Furthermore, in one case, code 226b may be downloaded over network 214a from remote system 214b, where similar code 214c is stored on a storage device 214d in another case, code 226b may be downloaded over network 214a to remote system 214b, where downloaded code 214c is stored on a storage device 214d.

The hardware in FIG. 1 and FIG. 2 may vary depending on the implementation. Other internal hardware or peripheral devices, such as flash memory, equivalent non-volatile memory, or optical disk drives and the like, may be used in addition to or in place of the hardware depicted in FIG. 1 and FIG. 2. In addition, the processes of the illustrative embodiments may be applied to a multiprocessor data processing system.

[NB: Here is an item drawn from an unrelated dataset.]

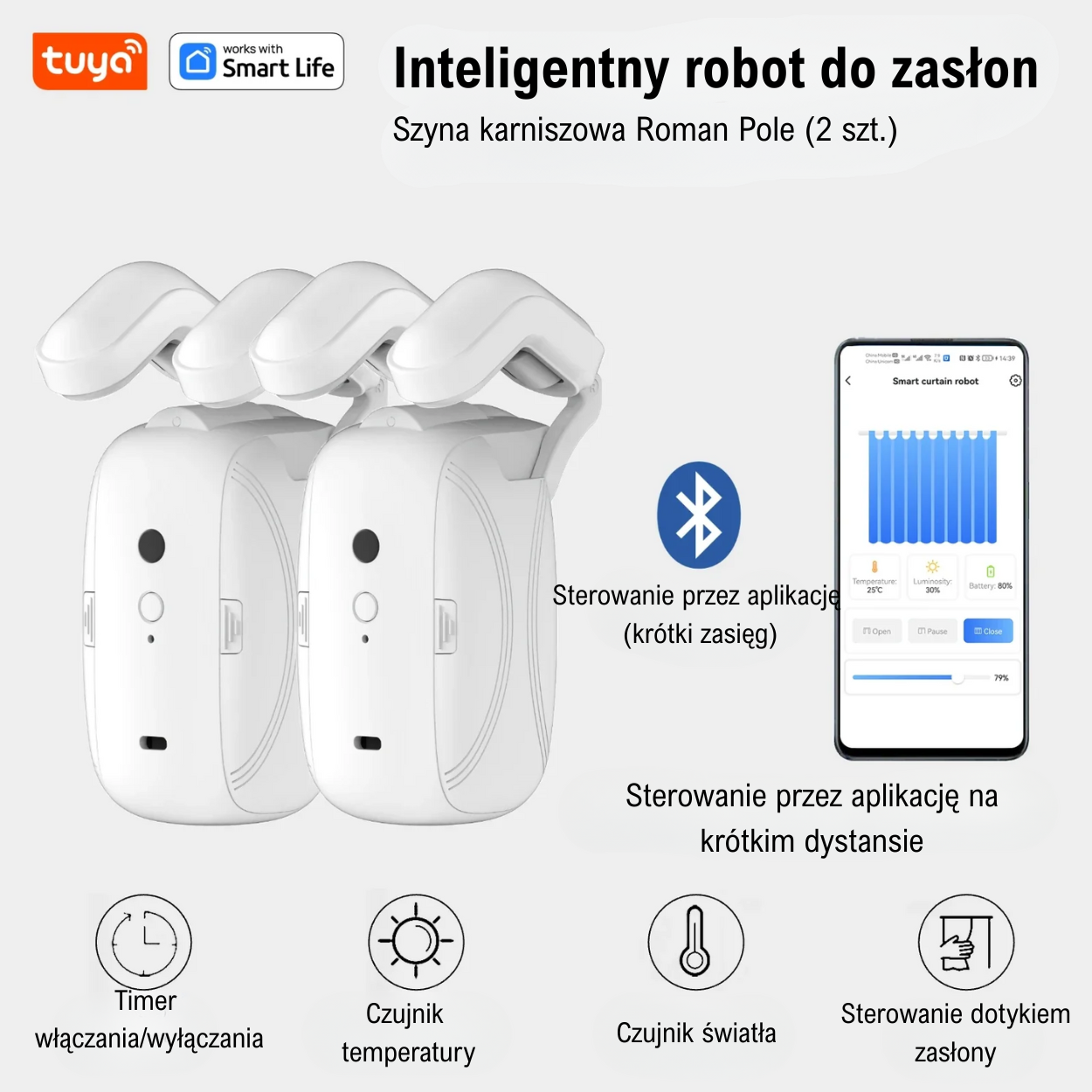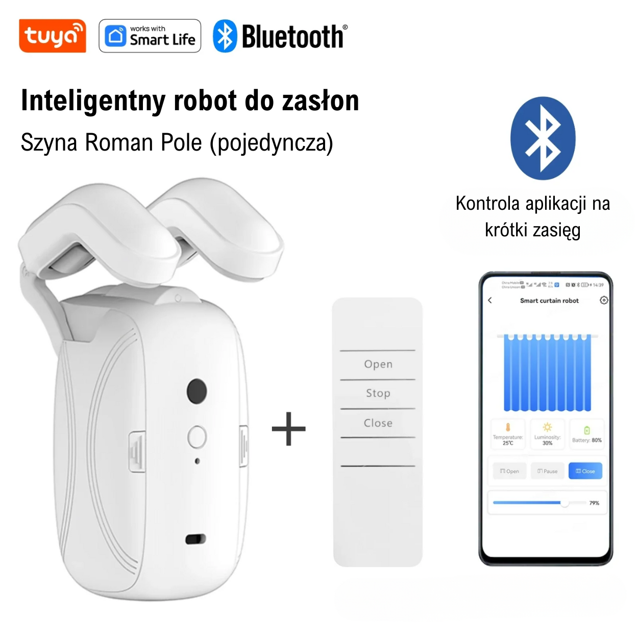 Bluetooth Tuya Smart Curtain Robot, karnisz drążkowy (Roman Rod Track), sterowanie przez aplikację, automatyczne otwieranie, uruchamianie pociągnięciem ręcznym, zamykanie reagujące na światło/temperaturę, wbudowana bateria litowa 4000 mAh, do 6 miesięcy użytkowania, udźwig 17,64 lb, maksymalny przesuw 20 m, łatwy montaż, wymiary 0,59 × 1,73 cala, możliwość konfiguracji pojedynczej lub podwójnej jednostki (zdalne sterowanie wymaga bramki Tuya).

In some illustrative examples, data processing system 200 may be a personal digital assistant (PDA), which is generally configured with flash memory to provide non-volatile memory for storing operating system files and/or user-generated data. A bus system may comprise one or more buses, such as a system bus, an I/O bus, and a PCI bus. Of course, the bus system may be implemented using any type of communications fabric or architecture that provides for a transfer of data between different components or devices attached to the fabric or architecture.

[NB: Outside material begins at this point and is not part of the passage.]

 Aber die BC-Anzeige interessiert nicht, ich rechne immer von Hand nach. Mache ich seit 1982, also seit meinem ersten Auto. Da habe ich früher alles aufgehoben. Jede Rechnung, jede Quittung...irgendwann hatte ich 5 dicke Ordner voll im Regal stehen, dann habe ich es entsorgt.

A communications unit may include one or more devices used to transmit and receive data, such as a modem or a network adapter. A memory may be, for example, main memory 208 or a cache, such as the cache found in North Bridge and memory controller hub (NB/MCH) 202. A processing unit may include one or more processors or CPUs.

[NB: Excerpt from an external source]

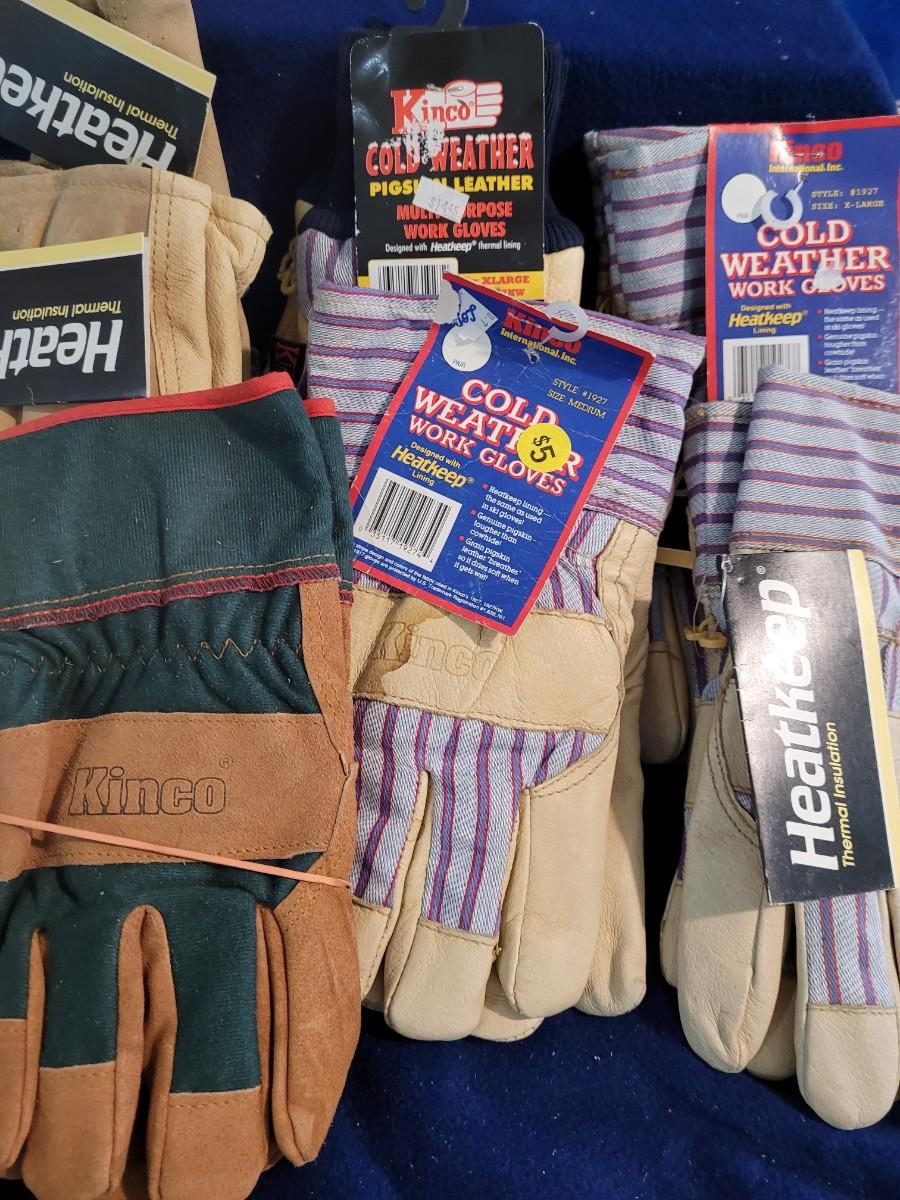 7pr Kinco Heatkeep work gloves. Various styles and sizes new but shelf worn

The depicted examples in FIG. 1 and FIG. 2 and above-described examples are not meant to imply architectural limitations. For example, data processing system 200 also may be a tablet computer, laptop computer, or telephone device in addition to taking the form of a mobile or wearable device.

Where a computer or data processing system is described as a virtual machine, a virtual device, or a virtual component, the virtual machine, virtual device, or the virtual component operates in the manner of data processing system 200 using virtualized manifestation of some or all components depicted in data processing system 200. For example, in a virtual machine, virtual device, or virtual component, processing unit 206 is manifested as a virtualized instance of all or some number of hardware processing units 206 available in a host data processing system, main memory 208 is manifested as a virtualized instance of all or some portion of main memory 208 that may be available in the host data processing system, and Hard disk drive (HDD) or solid-state drive (SSD) 226a is manifested as a virtualized instance of all or some portion of Hard disk drive (HDD) or solid-state drive (SSD) 226a that may be available in the host data processing system. The host data processing system in such cases is represented by data processing system 200.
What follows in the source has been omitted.